• **TASK DIRECTIONS**: The reply should be the records repeated exactly, without any images.
:: PROVIDED MATERIAL
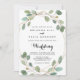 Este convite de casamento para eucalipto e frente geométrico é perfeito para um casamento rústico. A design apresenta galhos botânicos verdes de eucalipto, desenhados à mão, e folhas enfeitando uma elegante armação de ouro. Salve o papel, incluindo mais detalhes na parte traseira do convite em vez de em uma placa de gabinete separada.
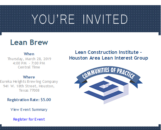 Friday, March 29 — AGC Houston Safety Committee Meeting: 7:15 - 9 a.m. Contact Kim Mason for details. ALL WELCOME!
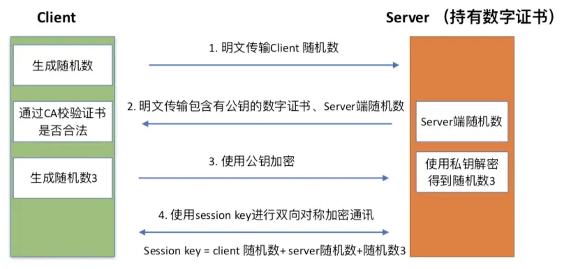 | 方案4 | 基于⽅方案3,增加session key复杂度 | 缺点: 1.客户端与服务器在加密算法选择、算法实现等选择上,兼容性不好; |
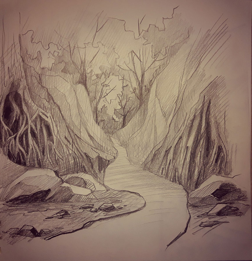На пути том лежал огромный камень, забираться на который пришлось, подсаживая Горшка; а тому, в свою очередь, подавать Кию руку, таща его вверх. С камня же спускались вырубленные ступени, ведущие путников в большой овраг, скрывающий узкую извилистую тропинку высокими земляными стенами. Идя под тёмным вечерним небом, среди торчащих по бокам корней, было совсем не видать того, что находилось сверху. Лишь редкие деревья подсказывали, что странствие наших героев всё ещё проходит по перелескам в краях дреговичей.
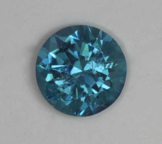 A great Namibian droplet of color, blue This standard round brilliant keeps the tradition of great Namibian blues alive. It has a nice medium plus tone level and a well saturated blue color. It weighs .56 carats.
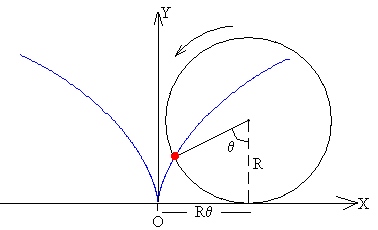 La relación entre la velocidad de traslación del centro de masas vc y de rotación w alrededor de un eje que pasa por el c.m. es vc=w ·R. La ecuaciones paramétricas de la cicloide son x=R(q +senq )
::::
• **SOLUTION FOR THIS EXERCISE**:
 Este convite de casamento para eucalipto e frente geométrico é perfeito para um casamento rústico. A design apresenta galhos botânicos verdes de eucalipto, desenhados à mão, e folhas enfeitando uma elegante armação de ouro. Salve o papel, incluindo mais detalhes na parte traseira do convite em vez de em uma placa de gabinete separada.
 Friday, March 29 — AGC Houston Safety Committee Meeting: 7:15 - 9 a.m. Contact Kim Mason for details. ALL WELCOME!
 | 方案4 | 基于⽅方案3,增加session key复杂度 | 缺点: 1.客户端与服务器在加密算法选择、算法实现等选择上,兼容性不好; |
На пути том лежал огромный камень, забираться на который пришлось, подсаживая Горшка; а тому, в свою очередь, подавать Кию руку, таща его вверх. С камня же спускались вырубленные ступени, ведущие путников в большой овраг, скрывающий узкую извилистую тропинку высокими земляными стенами. Идя под тёмным вечерним небом, среди торчащих по бокам корней, было совсем не видать того, что находилось сверху. Лишь редкие деревья подсказывали, что странствие наших героев всё ещё проходит по перелескам в краях дреговичей.
 A great Namibian droplet of color, blue This standard round brilliant keeps the tradition of great Namibian blues alive. It has a nice medium plus tone level and a well saturated blue color. It weighs .56 carats.
 La relación entre la velocidad de traslación del centro de masas vc y de rotación w alrededor de un eje que pasa por el c.m. es vc=w ·R. La ecuaciones paramétricas de la cicloide son x=R(q +senq )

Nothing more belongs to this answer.